From: Peter van Oene (pvo@usermail.com)
Date: Thu Oct 24 2002 - 11:12:07 GMT-3
Sounds ok, but which LSA is used is the more interesting question.
At 04:09 PM 10/24/2002 +0200, Jaroslaw Zak wrote:
>As far as I remember when you define area as "stub" and "stub no-summary"
>in both cases you get 0.0.0.0 injected in.
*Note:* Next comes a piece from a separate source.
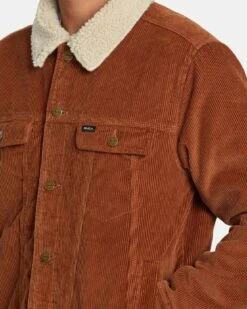 Infused with a throwback style, the RVCA Waylon Trucker Jacket features all the elements of your favorite vintage jacket with upgraded design and function for the ultimate closet staple. Made from cotton corduroy, with a sherpa collar, sherpa body lining and cotton poplin sleeve lining, this comfortable men’s trucker jacket is built with a button closure, RVCA metal shanks and button cuffs for a custom fit throughout. Finished off with two patch pockets at the chest, two welt pockets at the side and an internal pocket for all your needs, with our signature RVCA solo label at the left pocket flap.

>While when you create "nssa" and "nssa no-summary", only in last case you
>get your default in. Therefore you would need
>"default-information-originate" option for "nssa" type area, if you wish
>to have 0.0.0.0 route propagated within.
>
>I wonder if I remember it right... :)
>
>Regards
>Jarek
>
>
>
>
>>From: Peter van Oene <pvo@usermail.com>
>>Reply-To: Peter van Oene <pvo@usermail.com>
>>To: "'ccielab@groupstudy.com'" <ccielab@groupstudy.com>
>>Subject: Re: nssa no-summary question
>>Date: Thu, 24 Oct 2002 09:02:52 -0400
>>
>>At 05:26 PM 10/23/2002 -0500, Wright, Jeremy wrote:
>>>i have area 100 setup as a "nssa no-summary" between r1 and r2. on the other
>>>side of r1 is area 0. r1 dumps a default route down to r2 because of the
>>>no-summary argument. would there be any reason to use
>>>default-information-originate in this scenario? thanks
>>
>>Might be some need to control which of type 3 or 7 LSA's are used for the
>>summary route. NSSA no-summary might send a 7 with def originate sending
>>a 3, but I'm rusty here and would need to check. 3's are better than 7's
>>and thus you might be sending a default that is not preferred when
>>actually wanted it to be. Juniper lets you control this and I expect
>>Cisco might as well, but I haven't played with it recently.